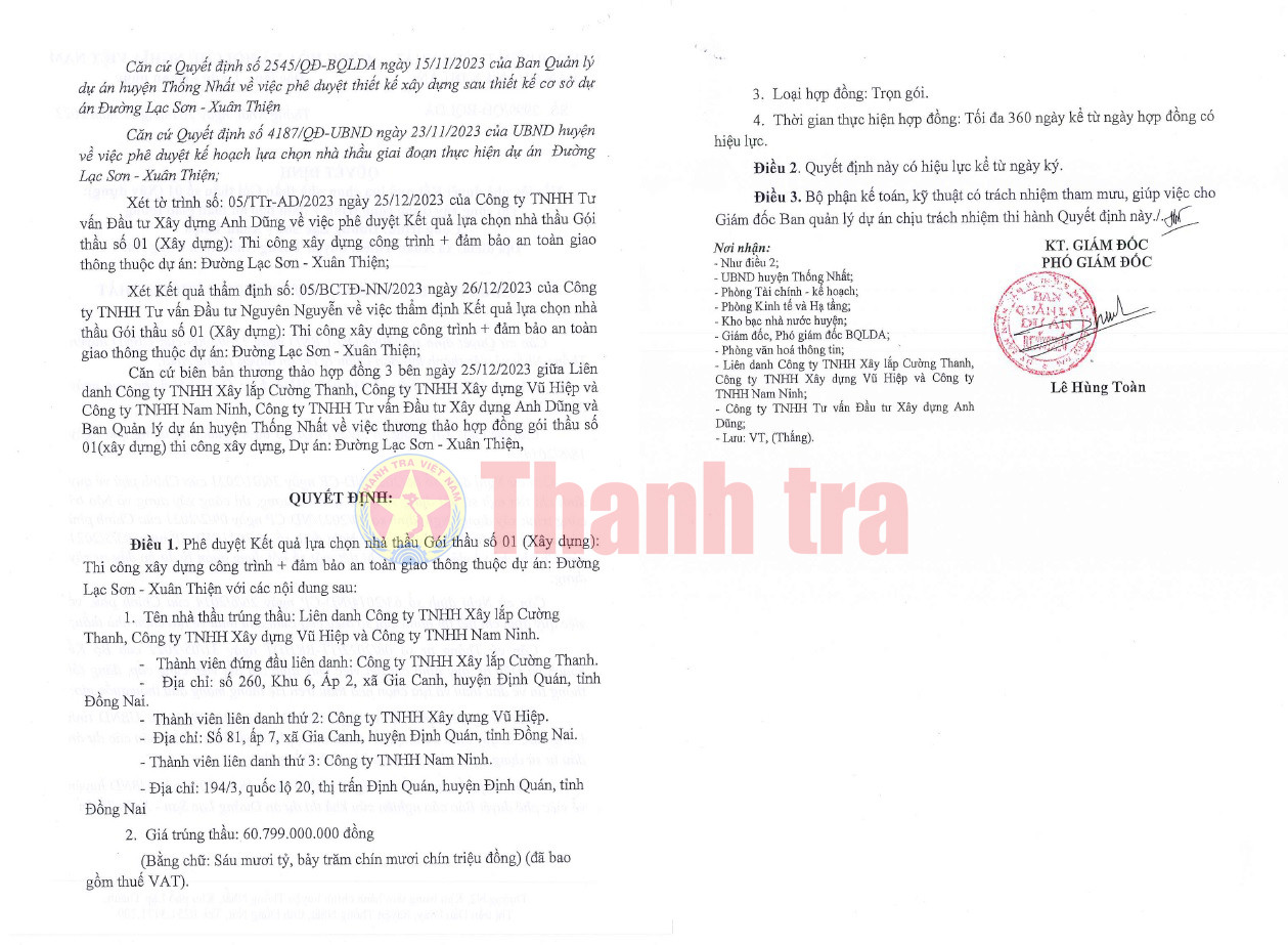 Văn bản phê duyệt gói thầu đường Lạc Sơn – Xuân Thiện của Phó Giám đốc Ban Quản lý Dự án Huyện Thống Nhất
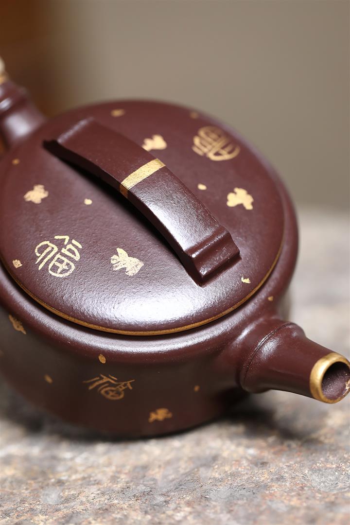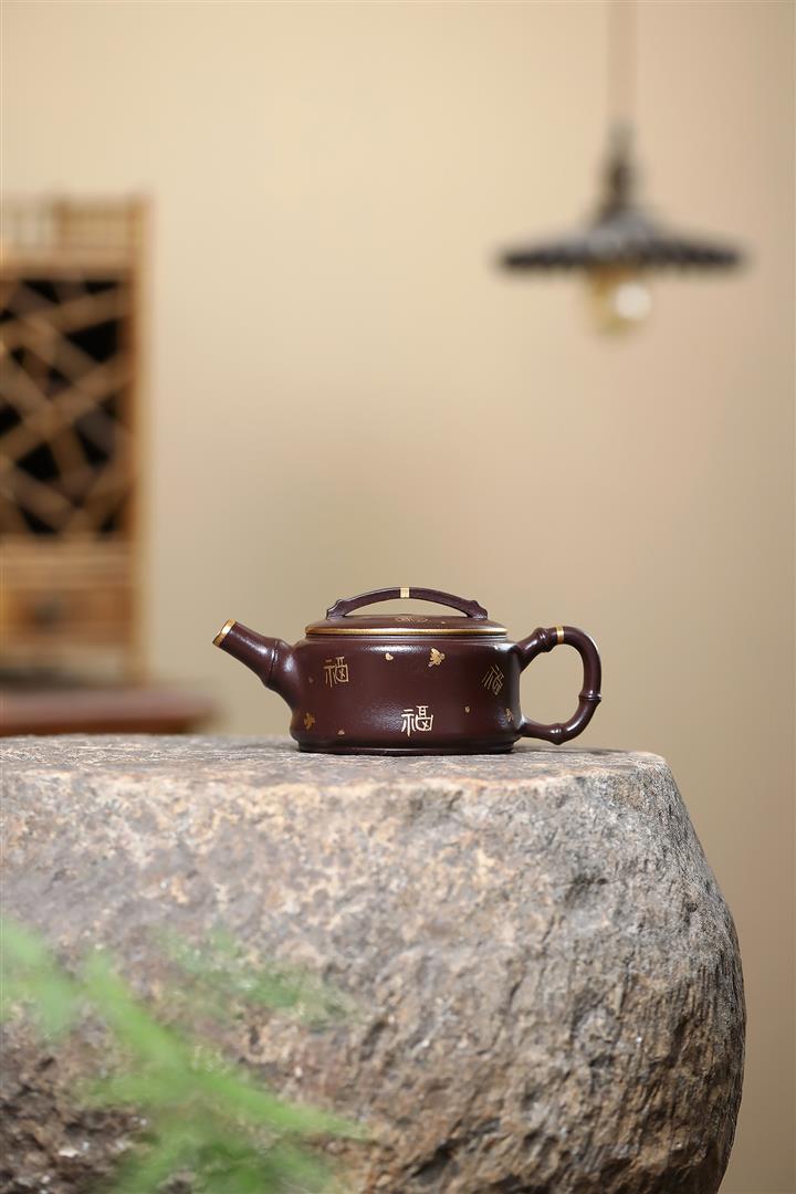 190cc原礦紫泥描金竹節漢瓦壹壺兩杯茶壺POT9286
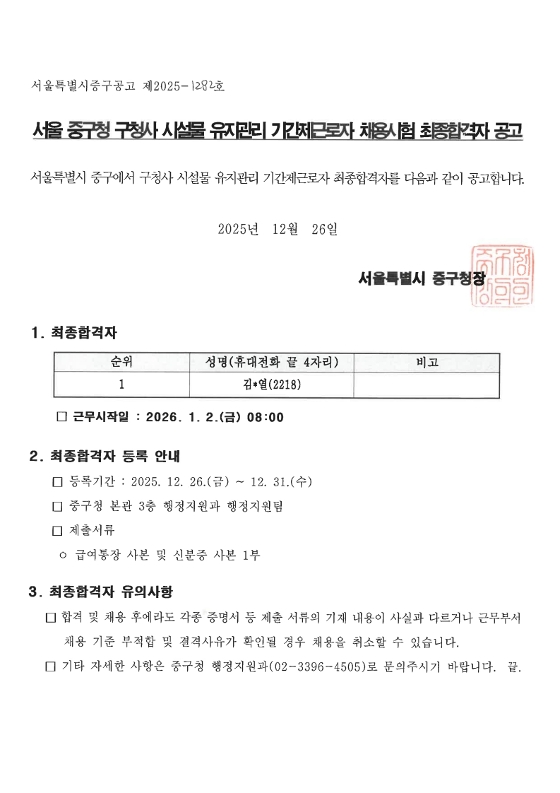 | 기간제근로자(구청사 시설물 유지관리) 채용시험 최종 합격자 공 | |||
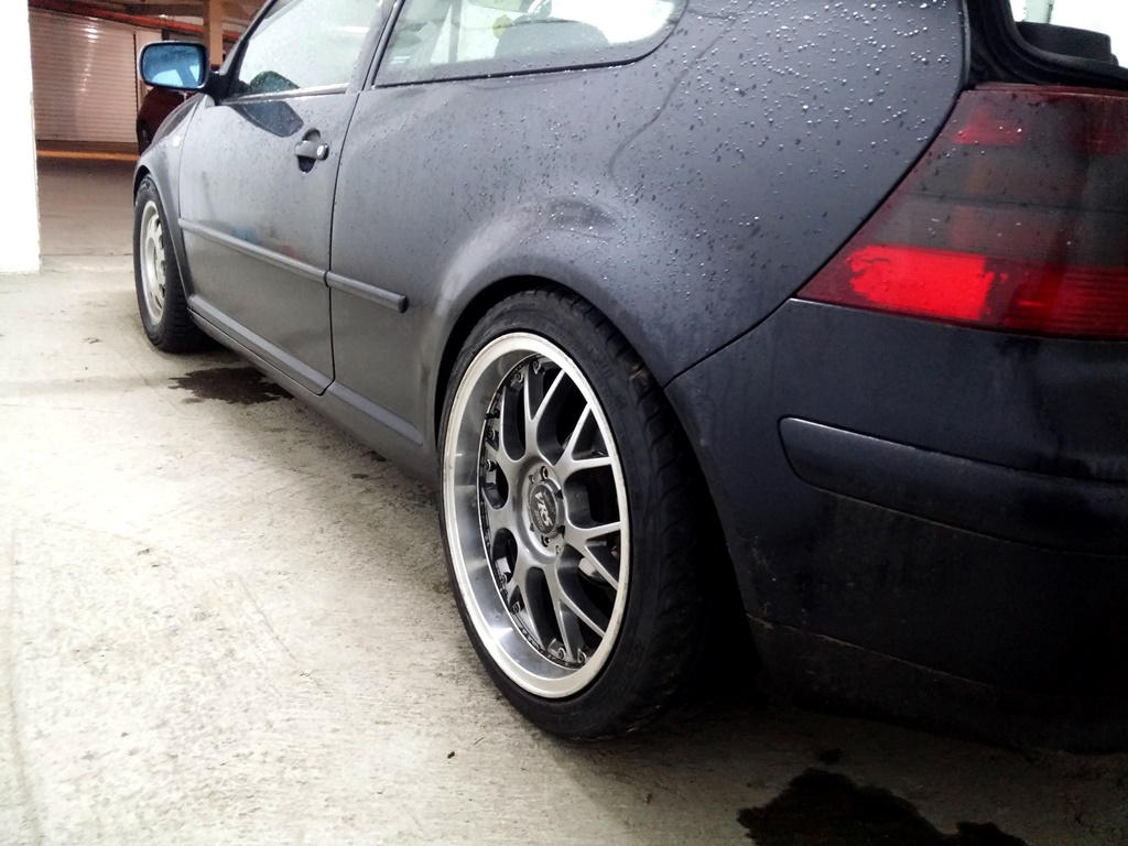 Продадох 16ките BBS Montreal и взех 18ски , 8.5J ET35 с гуми 225/40. На снимката отзад е и с 5мм фланец.
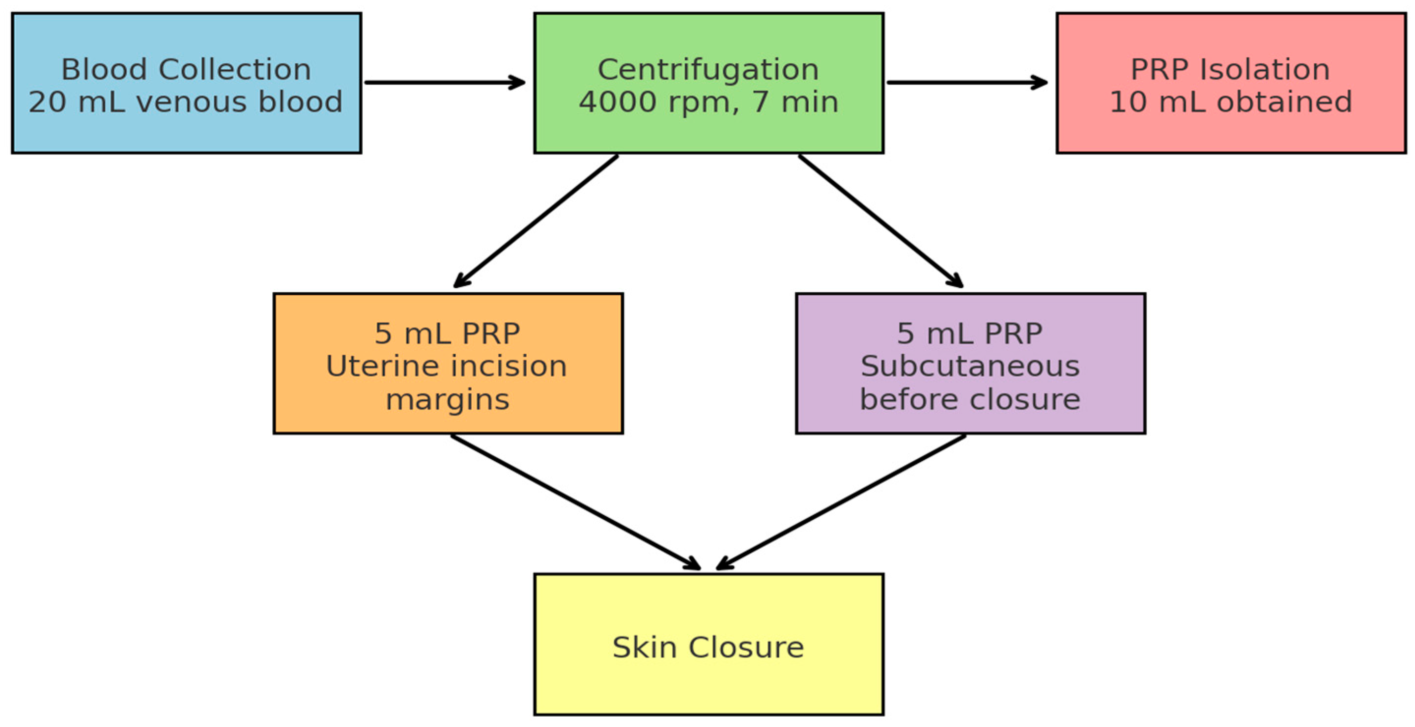 The control arm received standard cesarean closure without PRP. All other intraoperative and postoperative procedures followed identical protocols.

- **What the exercise asks**
What is needed is a word-for-word restatement of the lines from the one holding "Продадох 16ките BBS" to the final line of the data above, inclusive, without any pictures.

- **Answer to the problem**
 Продадох 16ките BBS Montreal и взех 18ски , 8.5J ET35 с гуми 225/40. На снимката отзад е и с 5мм фланец.
 The control arm received standard cesarean closure without PRP. All other intraoperative and postoperative procedures followed identical protocols.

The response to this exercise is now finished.